How about other digital financial solutions like online savings and investment accounts, blogs that generate income or other platforms that directly or indirectly have monetary value?
Facebook and Instagram both offer two estate planning options to its users. Accounts can be memorialized if family or friends of the deceased contact the networks, or users can have their accounts permanently deleted after passing on.
For Facebook, memorialized accounts are marked with an indicator with birthday notifications or likes ceasing. Instagram memorialized accounts do not appear any differently and show up everywhere except the “Explore” page. Facebook also allows users to designate a legacy contact to manage a memorialised account. Instagram allows no access even to a deceased’s close circle. While Twitter will not grant a deceased’s family or friends access to their account, they deactivate accounts of users upon their demise if they are provided with necessary documents.
A thread that runs through each platform is that these requests must come from someone authorised by a will to execute such instructions or be set-up by a user before their death. There are chances that you know one of Facebook’s millions of deceased account holders and most likely still receive notifications about birthdays or friendiversaries. This can be disconcerting. But without clear directives for those left behind, social media accounts tend to live on indefinitely.

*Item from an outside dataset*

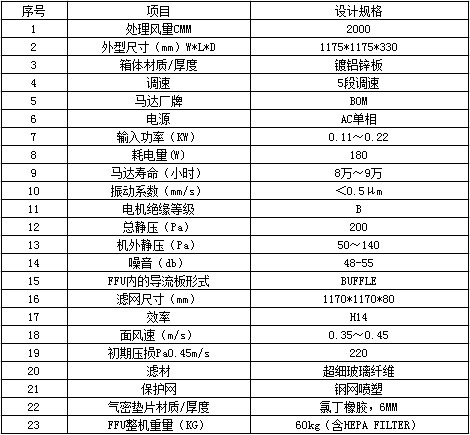 FFU群控系統(tǒng)配套FFU的相關(guān)參數(shù) :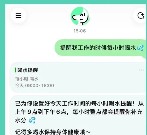 她还会在聊天边栏展示小美今日的待办事项,并准时提醒你饮水。

Digital content from platforms like Kindle, Amazon or iTunes, in tangible formats like hard or flash drives can easily be bequeathed to another person upon demise but with content you do not own (music, movies, e-books etc), they cannot be left to an heir.
So what should you do?
Ideally, one should be conscious of the terms and conditions of online platforms as you sign up and leave your footprints across the web. Find answers to the following questions and address them accordingly:
- What applies to accounts created or data stored after one has passed?
- Are these accounts and their data transferable?
- Can they be accessed by next of kin?
- What documents need to be presented as proof in the event that a next of kin tries to take over an account?
Arming yourself with this information better allows you to plan for how your online estate is managed after you’re gone. Disclosing passwords to online financial or social media accounts is also another way to handle your digital estate.
“The ideal thing to do is include it as part of a will,” Eleanya says about cryptos.
This can be applied to everything. Making provisions for what happens to your digital assets in a legally binding document like a will and even having a digital estate executor ensure that the directives are carried out is a sure-proof way to plan how your online business is handled when you’re gone in a way that is not only beneficial to your legacy but also to those you leave behind.